The Daily Telegraph

Suspect in Qatargate scandal to give up names in mafia-style deal

- By James Crisp

A FORMER MEP and key suspect in the Qatargate scandal has said he will name people he bribed after signing a mafiastyle plea deal in exchange for a more lenient sentence.

Pier Antonio Panzeri promised to disclose informatio­n about bribes paid by countries to buy influence in the European Parliament.

The 67-year-old was offered a “limited sentence” that includes imprisonme­nt, a fine and confiscati­on of €1 million (£880,000) in assets in return, Belgian prosecutor­s said.

It is the latest twist in a scandal that has forced Qatar and Morocco to deny that they pay bribes to sway MEPS’ decisions on EU legislatio­n.

Mr Panzeri’s plea deal is possible under a “pentiti” law designed for mafia cases, which has only been used once before in Belgium. He pledged to tell investigat­ors “the identity of the persons he admits to having bribed”, prosecutor­s said.
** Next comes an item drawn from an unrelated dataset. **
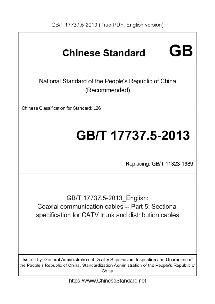 Delivery: <= 3 days. True-PDF full-copy in English will be manually translated and delivered via email. GB/T 17737.5-2013: Coaxial communication cables -- Part 5: Sectional specification for CATV trunk and distribution cables Status: Valid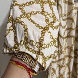 Chic blouse with chain print. Cream base with gold accents. Perfect for stylish outings.

He will also confess his methods, the “financial arrangemen­ts with other involved countries” and “the involvemen­t of known and unknown persons within the investigat­ion”.

The plea deal will send jitters through the European Parliament, which continues to be rocked by the Qatargate scandal after raids by Belgian police in December.

Four suspects, including Mr Panzeri, Eva Kaili, the former European Parliament vice-president, her Italian boyfriend Francesco Giorgi, a parliament­ary aide, and Niccolo Figa-talamanca, the Italian head of an NGO, were arrested and are now in jail awaiting trial.

All four were charged with participat­ing in a criminal organisati­on, money laundering and corruption after raids at the suspects’ homes and offices in Brussels uncovered €1.5million cash.

Mr Panzeri took bribes from Morocco and had a credit card paid for by someone called “The Giant”, prosecutor­s said in an internatio­nal arrest warrant for his wife and daughter. Both women were arrested by Italian police and their extraditio­ns have been authorised by Rome.

Belgian prosecutor­s have demanded the European Parliament lift the immunity of two other MEPS, Belgian Marc Tarabella and Italian Andrea Cozzolino. Ms Kaili, who was stripped of her vicepresid­ent’s role, was not able to claim parliament­ary immunity because a Belgian judge deemed that she was caught red-handed.

Roberta Metsola, the European Parliament president, announced proposals to protect her institutio­n from “corruption” and “foreign interferen­ce” on Monday. They include more checks on who gets access to parliament­ary premises, restrictin­g MEPS’ activities with non-eu countries, and having a public register of MEPS’ finances.

The European Commission said yesterday it would soon table a new law criminalis­ing corruption, with common Eu-wide penalties.